Task to complete:
Find the line with "בית בגודל 120" in the entries below, then output every line from it down to the line with "南面の掃き出し窓下にはベンチ", exactly and with no pictures.

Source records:
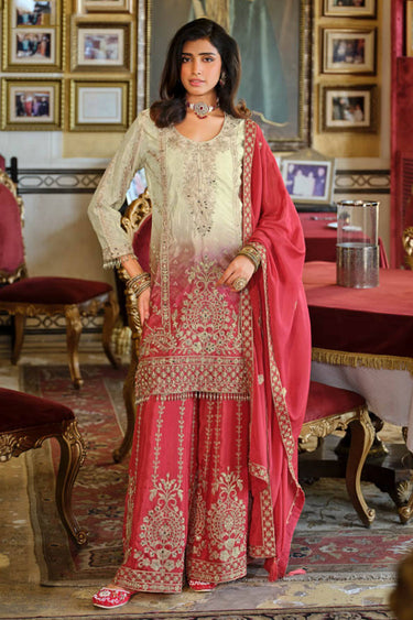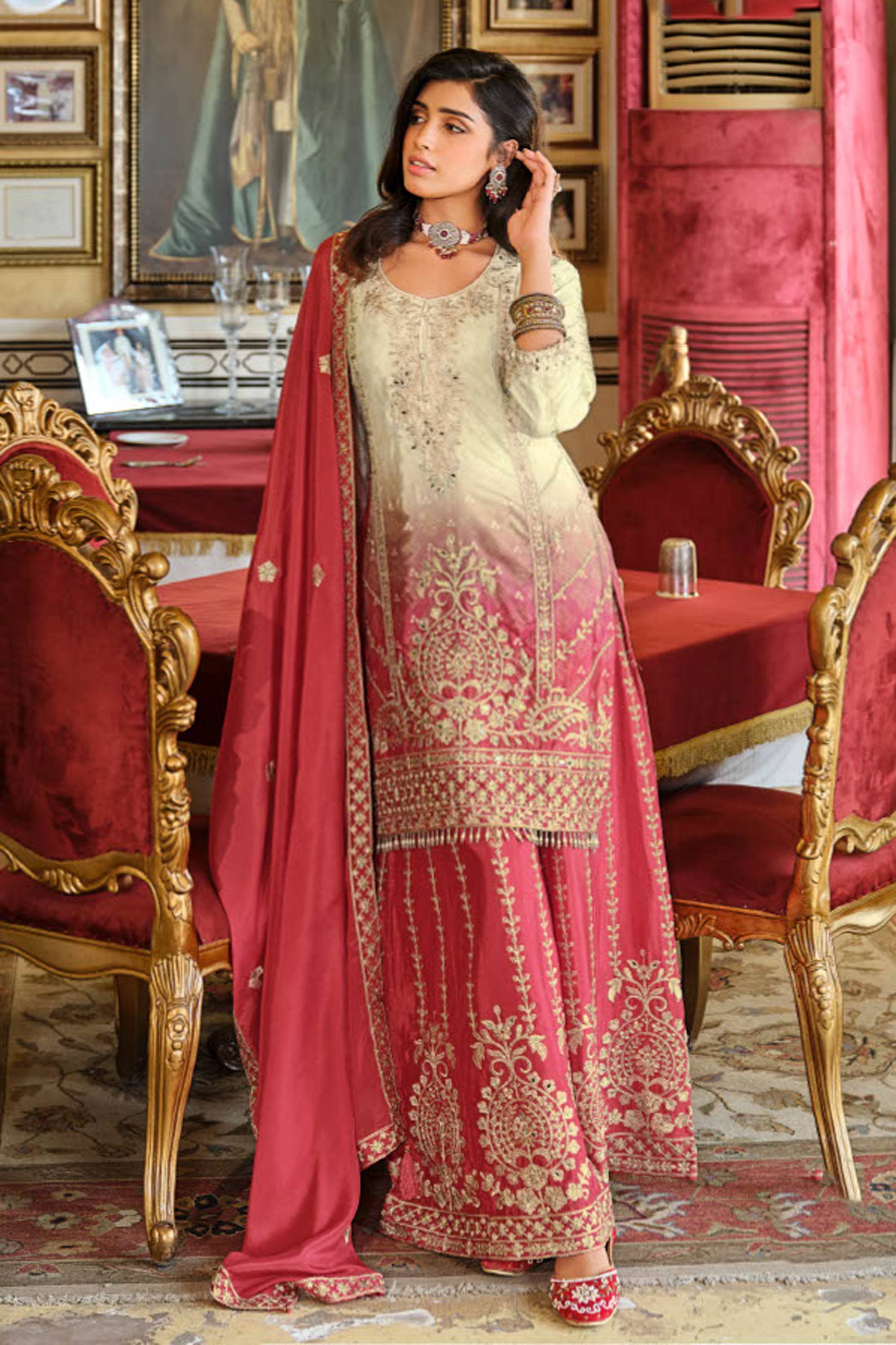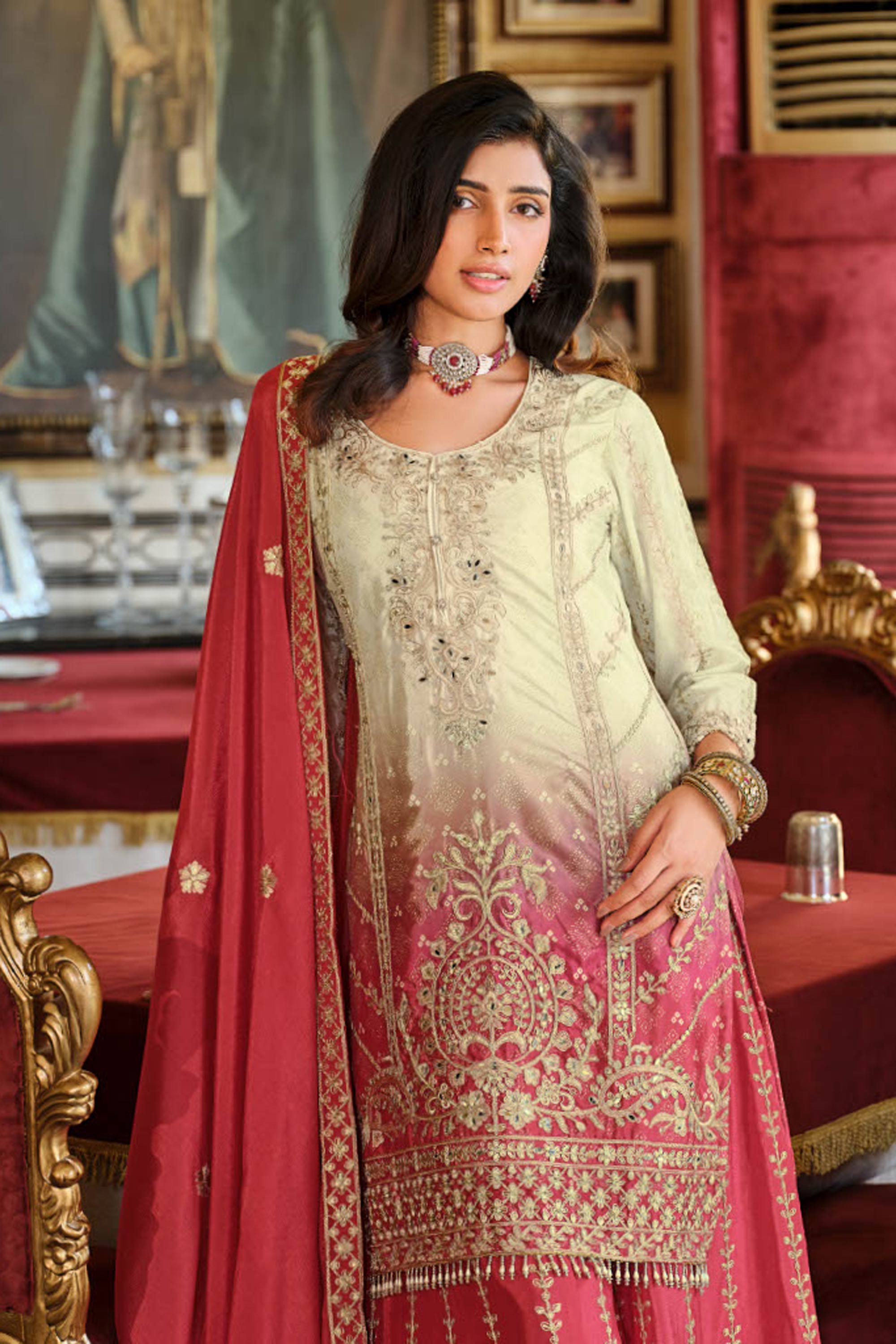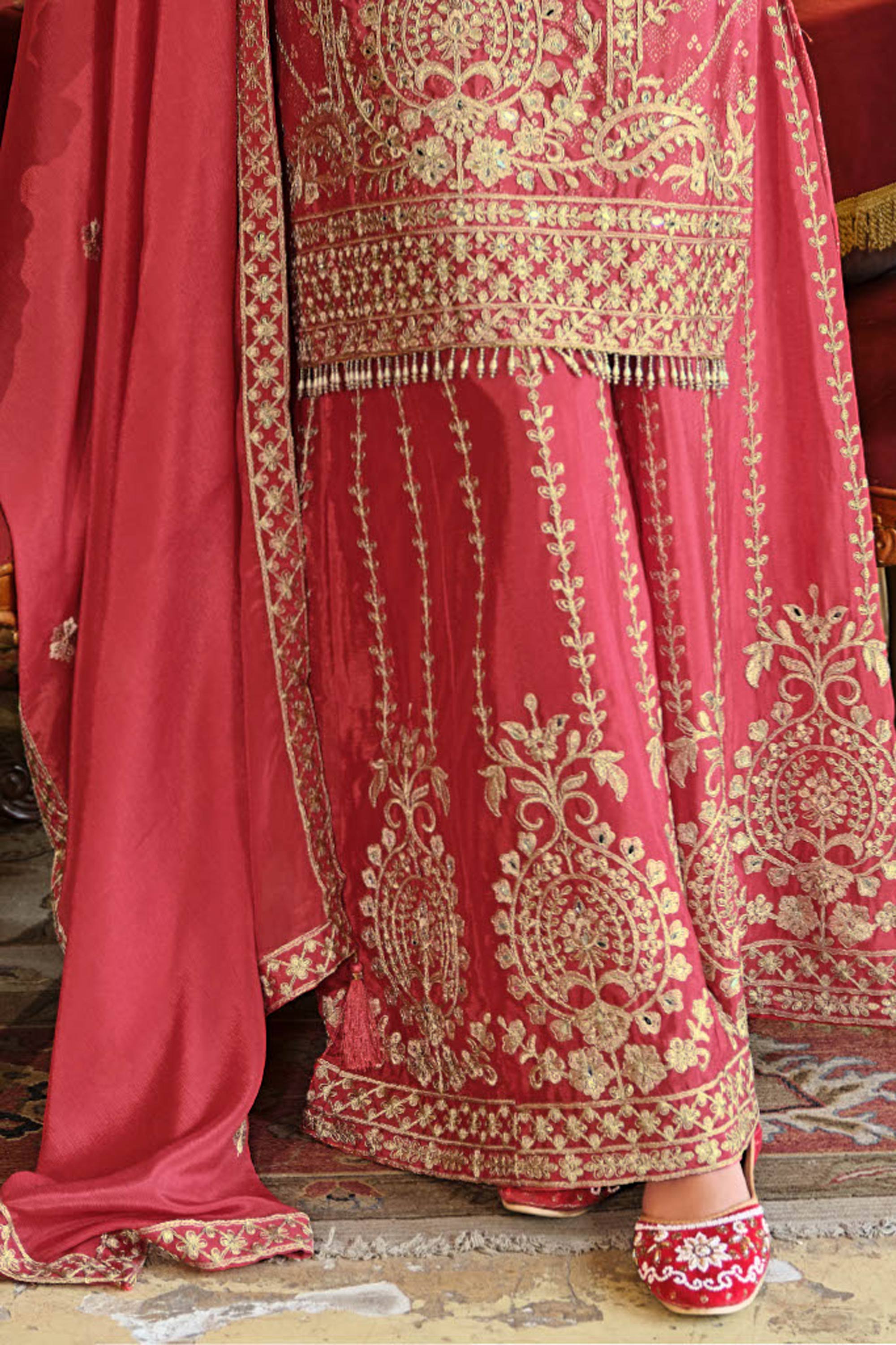 Detailed with exquisite embroidery work, this palazzo suit adds festive sparkle ideal for a Sangeet occasion. The attractive rich color beautifully complements the intricate craftsmanship, making it a standout choice for Sangeet ceremonies, festivals, and special celebrations, and due to digital photography, slight color variations may occur.
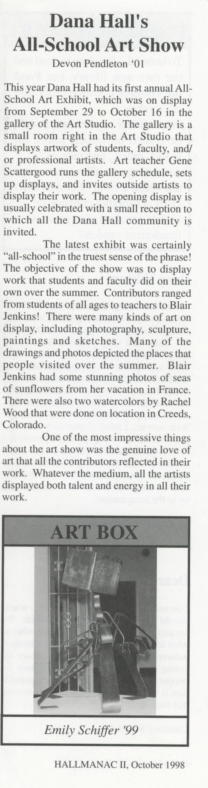 The Dana Hall Art Gallery, established in 1975 by Gene Scattergood (aka G.A. Scattergood-Moore, but known affectionately to his many colleagues and former students by his nickname “Scatt”) has been a fixture in the culture of the Dana Hall School for 50 years. It has been host to scores of exhibits, featuring hundreds of artists, and visited by thousands of students and campus visitors. It has featured every genre of art, from painting, drawing, and photography, to contemporary craft and digital art, to sculpture and installation. The artists who have exhibited here range from alumnae, faculty, and student artists, to campus children, Bostonbased and regional artists, to nationally and, in some cases internationally, known contemporary artists. It has been graced by poets, musicians, dancers, writers, makers, and scientists. It has had two physical spaces; first in an under-used and oddly shaped former middle-school snack room that blossomed over the course of decades with each passing exhibit, to its current location, a bright, windowed, modern space in the recently renovated Classroom Building. It has spanned two different centuries, and has occasionally expanded its exhibits into other campus spaces, including the hallways, the library, the greenhouse, courtyard, and elsewhere. It has witnessed and reflected the changing artistic styles, culture, population, and technology during those 50 years, displaying the creative journey, the countless studio hours, and the diverse personal inspiration of the many artists who have placed their artwork within its walls.
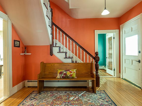 is located just a short distance from the ferry terminal and downtown Rockland. As you enter the home from the welcoming enclosed front porch into the fireplaced foyer, there is easy access to all the first floor rooms, providing a wonderful flow, great for group gatherings. Uniquely charming and oh-so comfortable, the home has a fully remodeled kitchen and baths, yet maintains much of the character from 1897. The gourmet kitchen boasts cherry cabinetry, slate counters, a butcher block island, copper prep sink, and a commercial gas range. The rooms are spacious and bright with high ceilings and wood floors in most rooms. Historic details include pocket doors between the parlor and dining room, wainscoting in the dining room, a butler's pantry with additional storage, fireplace hearths and lots of original hardware such as door knobs and brass dust cups on the main staircase. Along with a number of other improvements such as replacement windows, the boiler, electric entrance, plumbing and roof have been recently replaced. The cheerful, enclosed front porch has been fully refurbished with new windows and ceiling fan and there is a newer deck, accessed right off the kitchen and privately located at the back of the house. A new asphalt driveway and gas fireplace hearth were installed in 2022. There is ample room for expansion, with a full-sized staircase in place to the 3rd floor attic, and a large, heated, daylight, walk-out basement has work benches and a utility sink. All the heavy work has been done leaving you time to enjoy life...
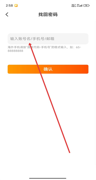 1、在登錄失敗時(shí),可以進(jìn)入找回密碼頁(yè)面,點(diǎn)擊輸入框,填寫(xiě)要賬號(hào)的賬號(hào)信息。
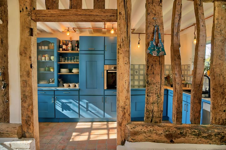 בית בגודל 120 מ"ר שיכול להכיל 8 אנשים; אידיאלי ל-6 מבוגרים ו-2 ילדים. אווירה כפרית, עיצוב סיני, כלים לא תואמים להפליא, פטיפון ויניל וקמין.
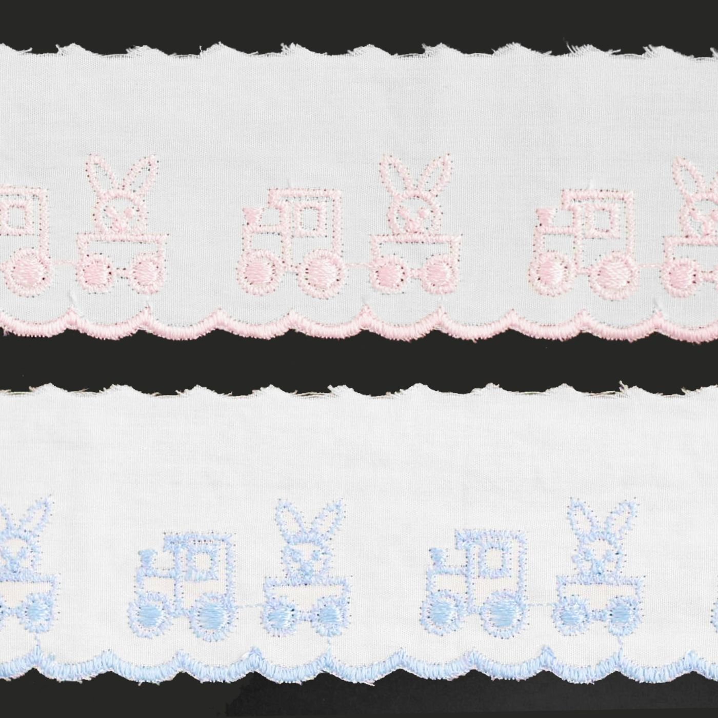 Elegante pizzo Sangallo bianco, impreziosito da delicati ricami in rilievo raffiguranti treno e coniglio, realizzati in filato colorato.
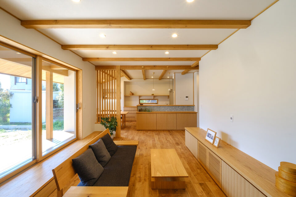 南面の掃き出し窓下にはベンチを造作。洗面台やカップボードも造作しこだわりつまった空間となっています。
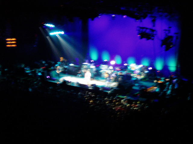 This is from a Pearl Jam concert. The mood is contemplative or somber. This is conveyed through the lighting by the color and the angles.
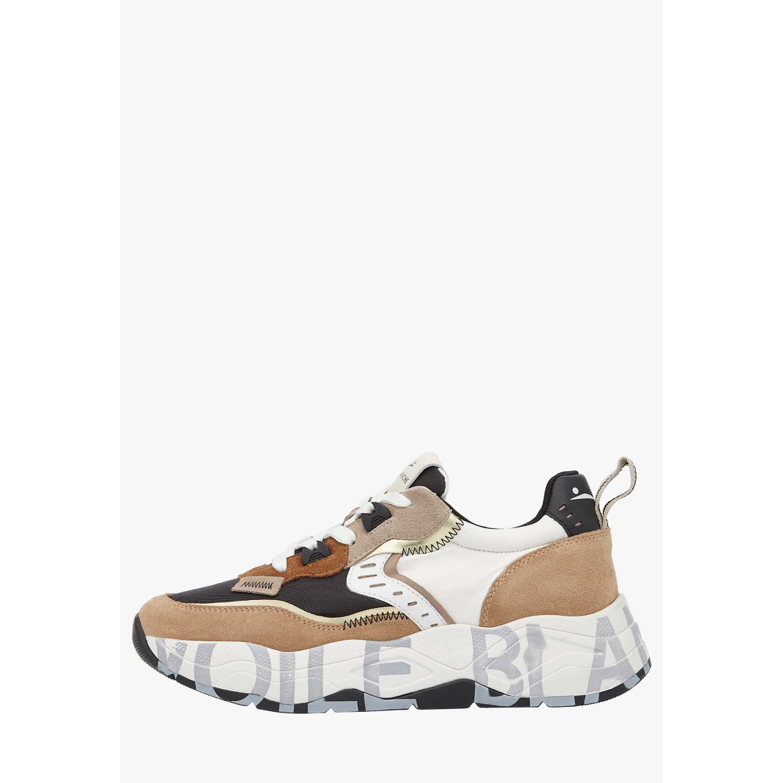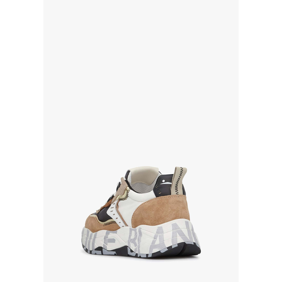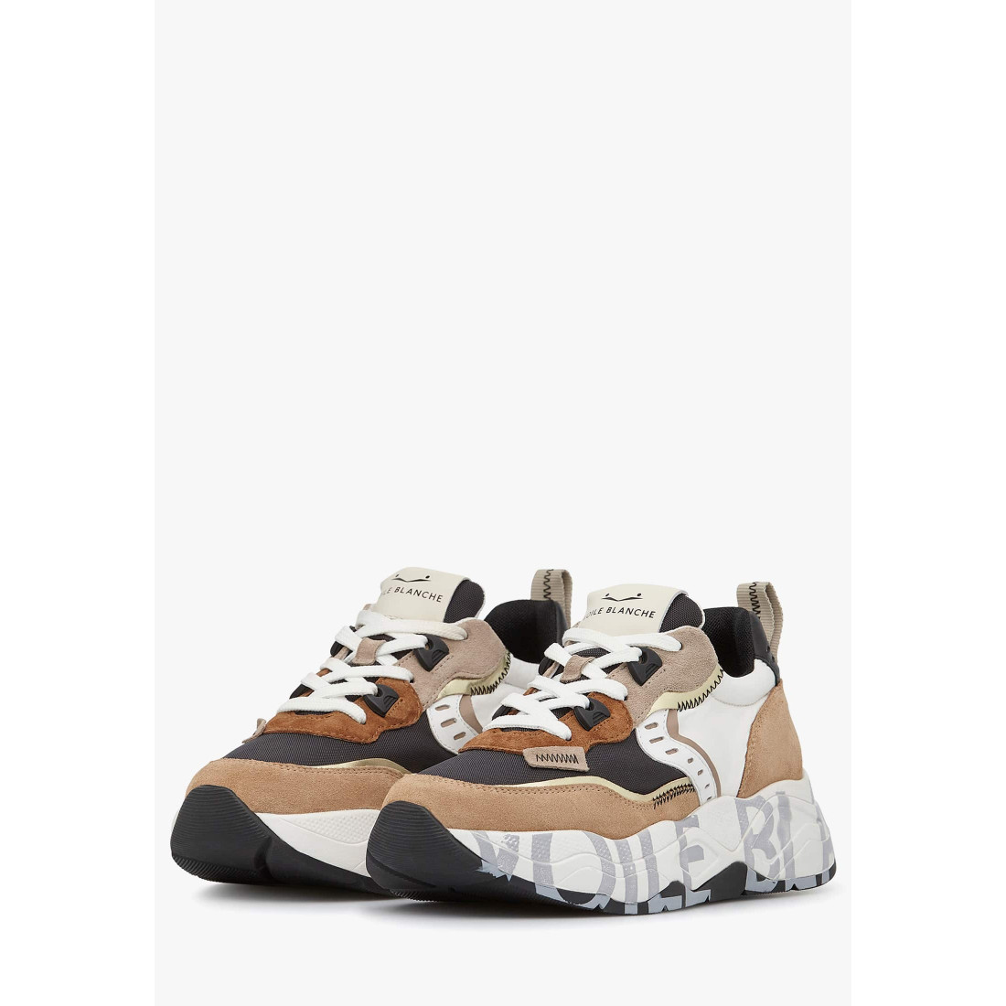 Sneakers in suede e tessuto beige-bianco-marrone.
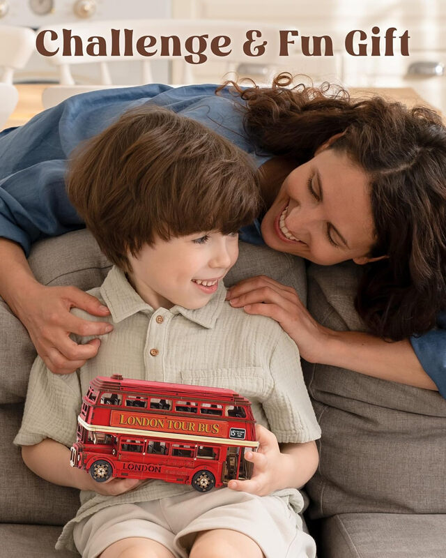 Robotime Rolife London Doppeldeckerbus 3D-Holzpuzzle Bauspielzeug, 19,4 x 7,8 x 11,3 cm, 1 Stück,Ausstattung mit hauswaren und regalen; Der bastelten geschenke an erwachsene und jugendliche,So ein schlaues spielzeug.
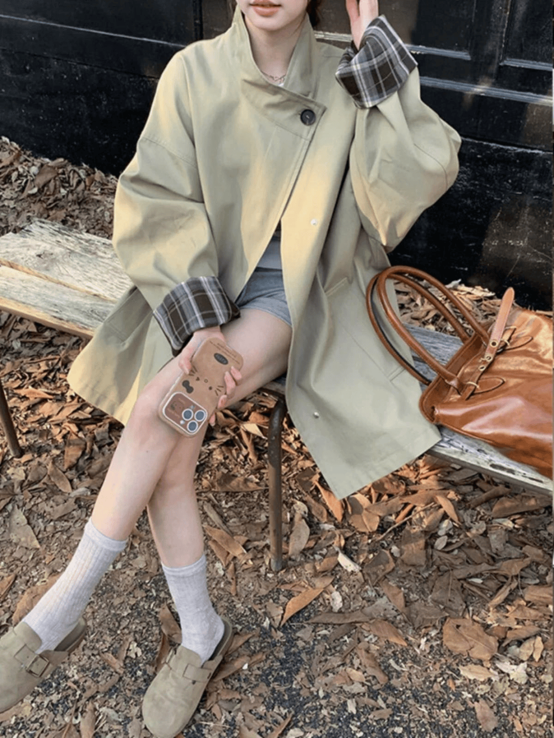 不要千篇一律的棕色,卡其绿的复古英伦风,简单的版型,穿出大牌即视感!
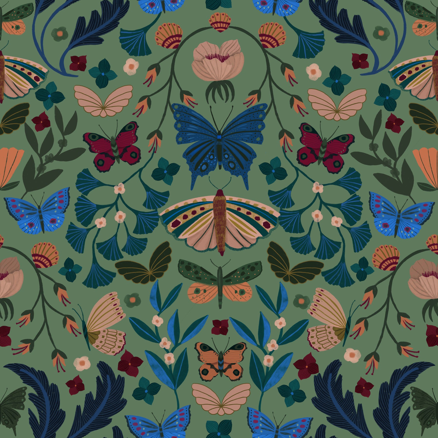 Enter the enchanting world of 'Fluttering Florals,' a wallpaper design where vibrant butterflies dance amongst a profusion of stylized blooms. Rich jewel tones of deep blues, burgundy, and ochre highlight the intricate details of each painted butterfly and flower, set against a calming sage green backdrop. The design's symmetrical composition creates a sense of balance and tranquility, making it a perfect choice for adding a touch of whimsical elegance to any space. Intricate floral motifs and the delicate flutter of butterflies bring a sense of lively serenity, ideal for creating a peaceful yet vibrant atmosphere.
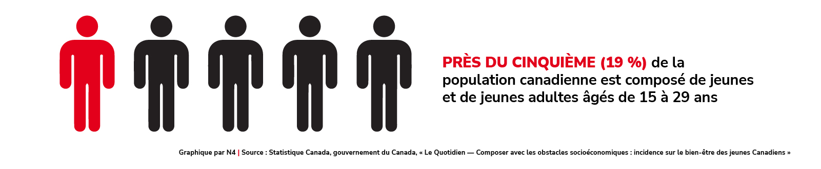 Source : Statistique Canada, gouvernement du Canada, « Le Quotidien — Composer avec les obstacles socioéconomiques : incidence sur le bien-être des jeunes Canadiens », 20 septembre 2023, https://www150.statcan.gc.ca/n1/daily-quotidien/230920/dq230920a-fra.htm.
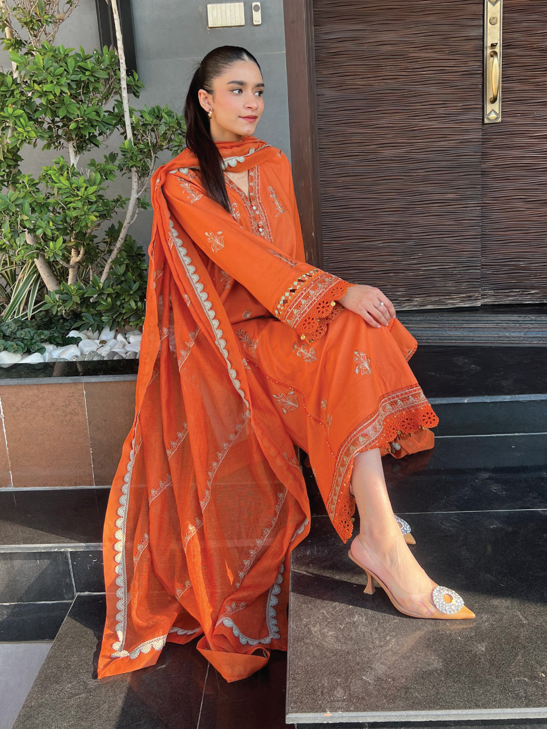 Fabric: Shirt Dyed & Embroiderd front on lawn 1.25 M Dyed plain back on lawn 1.25 M Dyed & Embroiderd sleeves on lawn 1 M Embroiderd Front & Sleeves & Neckline patti on organza 3 M Dupatta Dyed & Embroidered dupatta on cotton net 2.5 M Trouser Dyed plain trouser on cotton cambric 2.5 M |
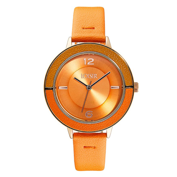 Ένα ανυπέρβλητο γυναικείο ρολόι που αποτελείται από πορτοκαλί καντράν και ασημί δείκτες. Διαθέτει πορτοκαλί περίβλημα και πορτοκαλί δερμάτινο λουράκι, με μια πορτοκαλί ραφή στην αρχή της κάθε μεριάς του. Ο minimal σχεδιασμός του αποπνέει κομψότητα και στυλ.

Answer box:
 בית בגודל 120 מ"ר שיכול להכיל 8 אנשים; אידיאלי ל-6 מבוגרים ו-2 ילדים. אווירה כפרית, עיצוב סיני, כלים לא תואמים להפליא, פטיפון ויניל וקמין.
 Elegante pizzo Sangallo bianco, impreziosito da delicati ricami in rilievo raffiguranti treno e coniglio, realizzati in filato colorato.
 南面の掃き出し窓下にはベンチを造作。洗面台やカップボードも造作しこだわりつまった空間となっています。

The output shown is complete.